Source records:
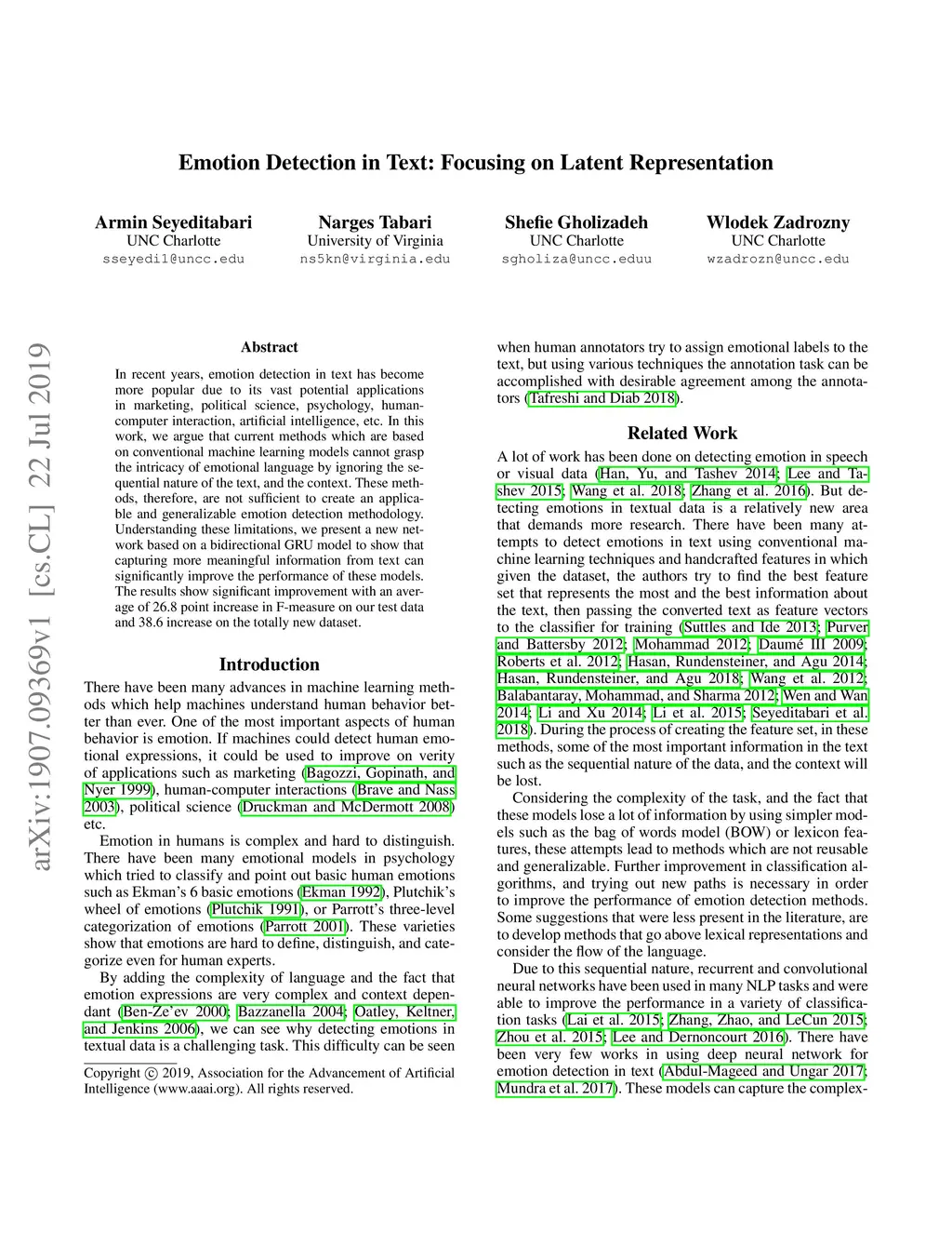 Emotion Detection in Text: Focusing on Latent Representation
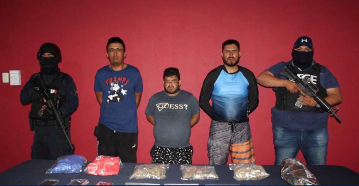 Los narcóticos fueron asegurados por los elementos de seguridad, mientras que los tres hombres fueron detenidos para ser puestos ante la FGE para que se determine su condición jurídica.
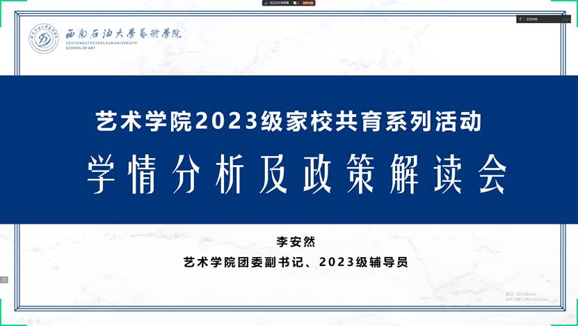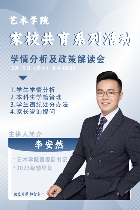 為深化家校協同育人機制,搭建家校溝通橋梁,2月15日10:00,藝術學院團委副書記、2023級輔導員李安然于線上舉辦以“學情分析及政策解讀會”為主題的家校共育活動,藝術學院2023級學生家長參會。
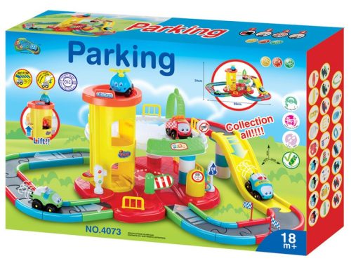 Tologasd az autókat, és parkold le őket! A Parkolóház autópályával készlet kis kezek közé készült buborék autókat tartalmaz, amiket a nagy parkolóban tudsz megállítani. A parkolóház felső szintjére egy lifttel tudnak a kisautók feljutni, majd egy rámpán keresztül tudnak legurulni. A készlet összeépíthető autópályát, sorompót és benzinkutat is magában foglal, tologasd a játékautókat, és rendezd el őket a nagy parkolóban! A kisautók AAA ceruzaelemmel működnek, a csomagolás az elemeket nem tartalmazza. A készlet a fotón szereplő kis helikoptert nem tartalmazza. A Parkolóház autópályával készlet összerakott méretei: 69 x 65 x 34 cm.
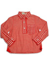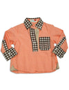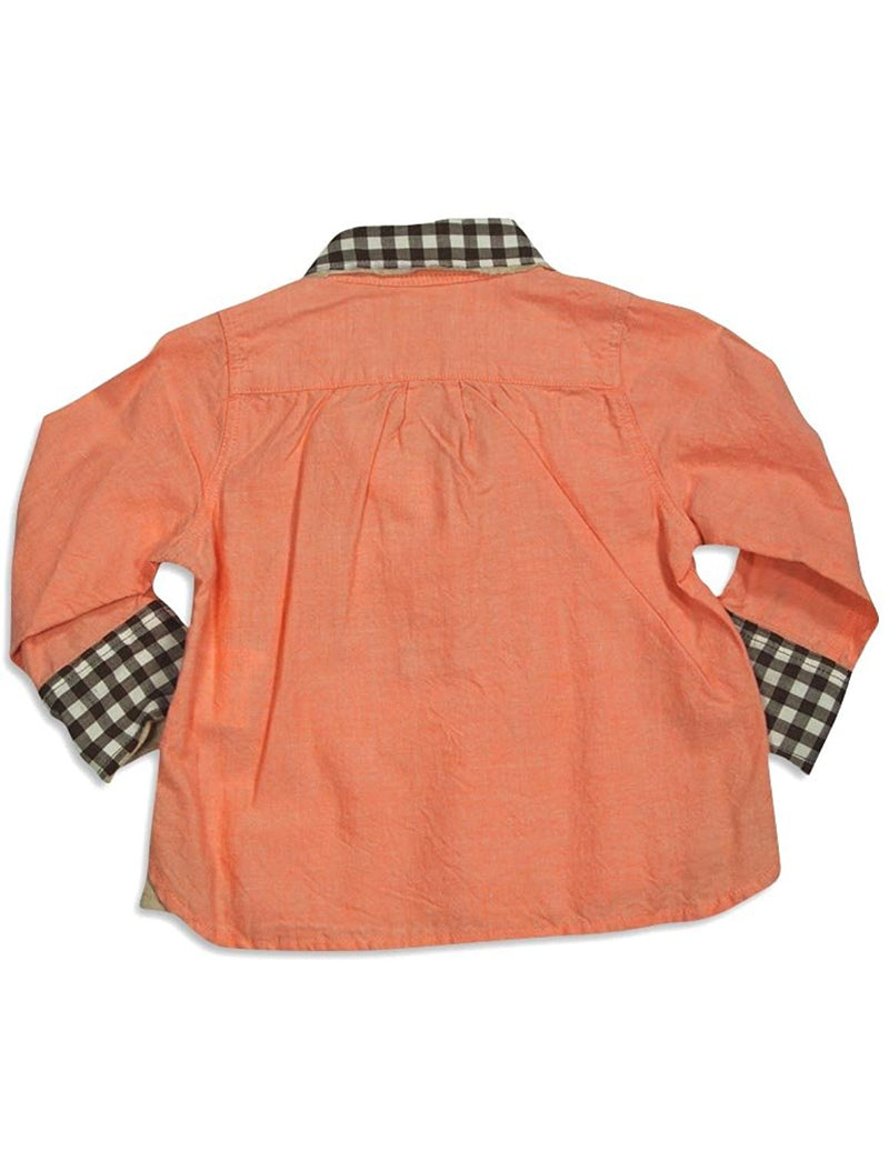 Dinky Souvenir - Girls Long Sleeve Top, Orange, Brown, Oxford Style Top With 3 Buttons, Plaid Trim, Pullover, 100% Cotton, Made In China, #31160 31-160
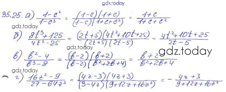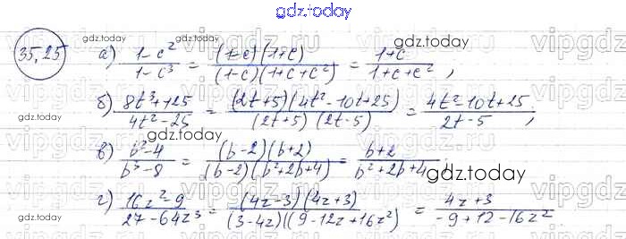 Ответы к § 35. Сокращение алгебраических дробей Решение к главе 7 25 Задачнику по Алгебре для 7 класса Мордкович, Александрова Базовый уровень Мнемозина 2013
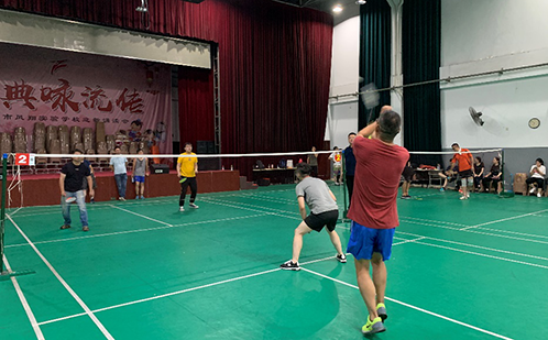 赛前,一场热身拔河赛后正式拉开比赛序幕,每组人员都面临着一局比赛就走下场的可能,竞争异常激烈。然而“八仙过海,各显神通”,选手们纷纷拿出自己的看家本领,一决高低。比赛中,选手们表现出顽强拼搏的竞技精神,也充分发挥团队协作力量。有人一出手就是快、准、狠,颇具专业水平,三下五除二拿下对手;有人棋逢对手,不分伯仲,双方你来我往,比分交替上升。白色羽球在场地上下翻飞,别有一番风景。
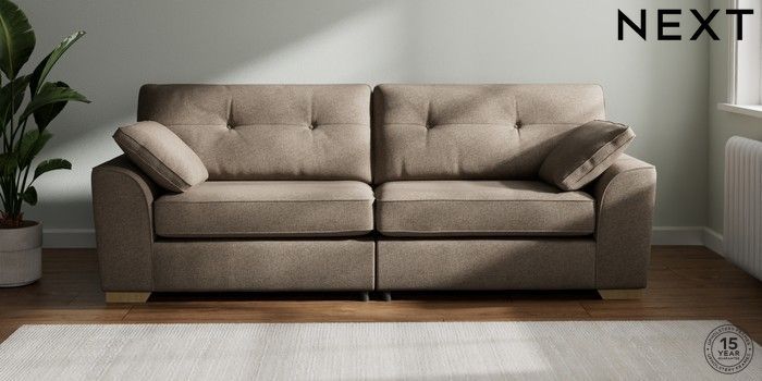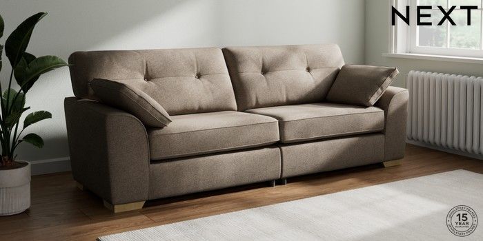 7.2.10 Buy Stamford Buttoned Back 4 Seater Sofa Chunky Weave Dark Natural Large Square Angle - Light from the Next UK online shop Click here to use our accessible website
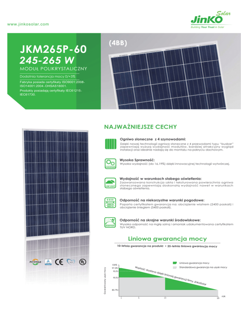 www.jinkosolar.com (4BB) JKM265P-60 245-265 W MODUŁ POLIKRYSTALICZNY Dodatnia tolerancja mocy 0/+3% Fabryka posiada certyfikaty ISO9001:2008、 ISO14001:2004、OHSAS18001. Produkty posiadają certyfikaty IEC61215、 IEC61730. NAJWAŻNIEJSZE CECHY Ogniwo słoneczne z 4 szynowodami: Dzięki nowej technologii ogniwa słoneczne z 4 przewodami typu “busbar” zapewniają wyższą wydajność modułów, bardziej atrakcyjny wygląd instalacji oraz idealnie nadają się do montażu na pokryciu dachowym. Wysoka Sprawność: Wysoka wydajność (do 16,19%) dzięki innowacyjnej technologii wytwórczej. Wydajność w warunkach słabego oświetlenia: Zaawansowana konstrukcja szkła i teksturowana powierzchnia ogniwa słonecznego zapewniają doskonałą wydajność nawet w warunkach słabego oświetlenia. Odporność na niekorzystne warunki pogodowe: Poparta certyfikatem gwarancja na: obciążenie wiatrem (2400 paskali) i obciążenie śniegiem (5400 paskali). Odporność na skrajne warunki środowiskowe: Wysoka odporność na mgłę solną i amoniak udokumentowana certyfikatem TUV NORD. Liniowa gwarancja mocy 10-letnia gwarancja na produkt 25-letnia liniowa gwarancja mocy Liniowa gwarancja mocy MCS Gwarantowany uzysk mocy 100% War tość 97.5% 95.% dod Standardowa gwarancja na uzysk mocy ana dzię ki lin iowe 90.% j gw aran cji fir my J inko Sola r 80.7% 1 5 12 25 rok Wydajność elektryczna i związek z temperaturą Wymiary 942 40 A Charakterystyka prądowo-napięciowa (260 W) Ⅱ 100 Rozgałęźnik XXXXXXXXXXXXXXXXXXXX Ⅲ Ⅰ 400 W/m² 180 160 280 9 L 1650 600 W/m² 800 W/m² 10 240 4 8 1360 860 Ø 200 7 + Anoda Złącze A 6 160 5 120 4 3 Moc (W) Katoda - Natężenie (A) Otwory do uziemienia A 1000 W/m² Etykieta Otwory montażowe 2- Zależność temperatury od Isc,Voc,Pmax 80 2 40 Normalized Isc,Voc,Pmax(%) 992 140 120 Isc 100 0 Przód Bok Pmax 60 40 20 1 A Voc 80 0 5 10 20 15 25 30 35 45 40 0 -50 Tył -25 0 25 50 75 100 Temperatura ogniwa (℃) Napięcie (V) XXXXXXXXXXXXXXXXXXXX Ⅰ Ⅲ 5.5 70 Cechy mechaniczne 9 40 3 4.5 Typogniwa Polikrystaliczne156×156mm(6cali) Liczbaogniw 14 70 8 60(6×10) Wymiary 35 Ⅱ 1650×992×40mm(65,00×39,05×1,57cala) Waga 19,0kg(41,9lb) 3,2mm,Wysokaprzepuszczalność, Przedniawarstwaszklana Niskazawartośćżelaza,Szkłohartowane Anodyzowanystopaluminium Rama Konfiguracja opakowania (Dwakartony=Jednapaleta) zestandardemIP67 RozgałęźnikZgodny 25szt./karton,50sztuk/paleta,700szt./kontenerwysokości40stóp Przewodywyjściowe TÜV1×4.0mm2,Długość:900mm SPECYFIKACJE JKM245P Typmodułu STC NOCT JKM250P STC NOCT JKM255P STC NOCT JKM260P JKM265P STC NOCT STC NOCT 197Wp Maksymalnamoc(Pmax) 245Wp 181Wp 250Wp 184Wp 255Wp 189 Wp 260Wp 193Wp 265Wp Maksymalnenapięcieprądu(Vmp) 30.1V 27.8V 30.5V 28.0V 30.8V 28.5V 31.1V 28.7V 31.4V 29.0V Maksymalnenatężenieprądu(Imp) 8.14A 6.50A 8.20A 6.56A 8.28A 6.63A 8.37A 6.71A 8.44A 6.78A Napięcieobwoduotwartego(Voc) 37.5V 34.8V 37.7V 34.9V 38.0V 35.2V 38.1V 35.2V 38.6V 35.3V Prądzwarciowy(Isc) 8.76A 7.16A 8.85A 7.21A 8.92A 7.26A 8.98A 7.31A 9.03A 7.36A Wydajnośćmodułu(%) 14.97% Temperaturapracy(℃) Maksymalnenapięciesystemu Maksymalnawartośćprąduznamionowegobezpiecznika 15.27% 15.58% 1000VDC (IEC) 15A 0~+3% Tolerancjamocy WspółczynniktemperaturowyPmax -0.41%/℃ WspółczynniktemperaturowyVoc -0.31%/℃ WspółczynniktemperaturowyIsc 0.06%/℃ Znamionowatemperaturapracyogniw(NOCT) 45±2℃ STC : NOCT: 16.19% 15.89% -40℃~+85℃ Natężeniepromieniowaniasłonecznego wwarunkachtestowych1000W/m2 Natężeniepromieniowaniasłonecznego wwarunkachtestowych800W/m2 Temperaturamodułu25°C Temperaturamodułu20°C AM=1,5 AM=1,5 Prędkośćwiatru1m/s * Tolerancjapomiarumocy:±3% Firma zastrzega sobie ostateczne prawo do objaśniania wszelkich informacji zawartych w niniejszym dokumencie. PO-MKT-265P_v1.0_rev2015
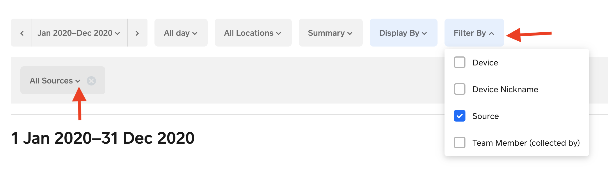 1. From your Dashboard > Reports > Click Filter By > Select Source > Click the little arrow on Source filter > Select Square Online
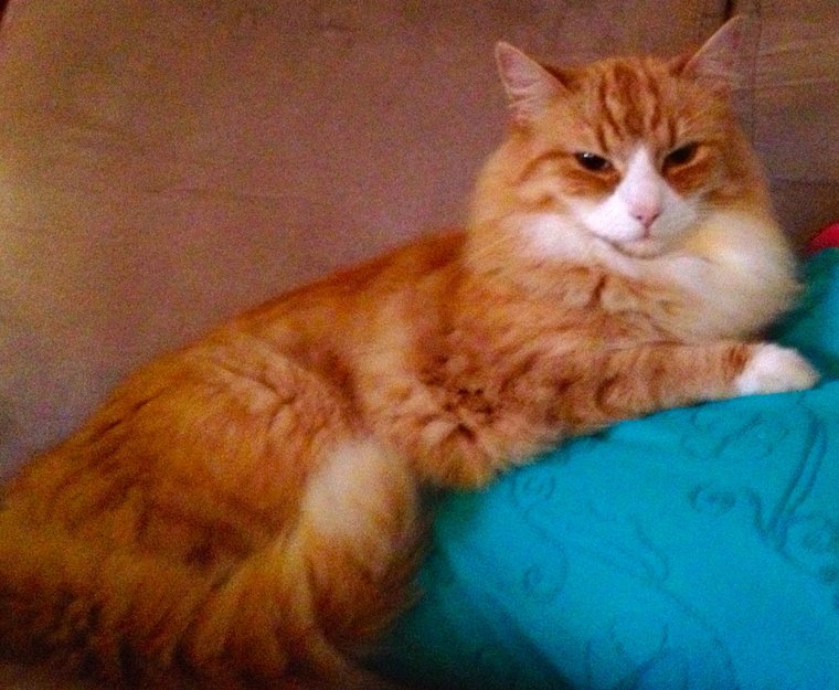 Han er sist sett natt til fredag den 6.des. Han er en smidig gul-oransj skipskatt med hvit snute, bryst og mage.

The task:
Starting at the first line of the listing above, write out each line exactly and nothing else until you reach the line containing "為深化家校協同育人機制,搭建", which is included as well; omit all pictures.

Solution for this task:
 Emotion Detection in Text: Focusing on Latent Representation
 Los narcóticos fueron asegurados por los elementos de seguridad, mientras que los tres hombres fueron detenidos para ser puestos ante la FGE para que se determine su condición jurídica.
 為深化家校協同育人機制,搭建家校溝通橋梁,2月15日10:00,藝術學院團委副書記、2023級輔導員李安然于線上舉辦以“學情分析及政策解讀會”為主題的家校共育活動,藝術學院2023級學生家長參會。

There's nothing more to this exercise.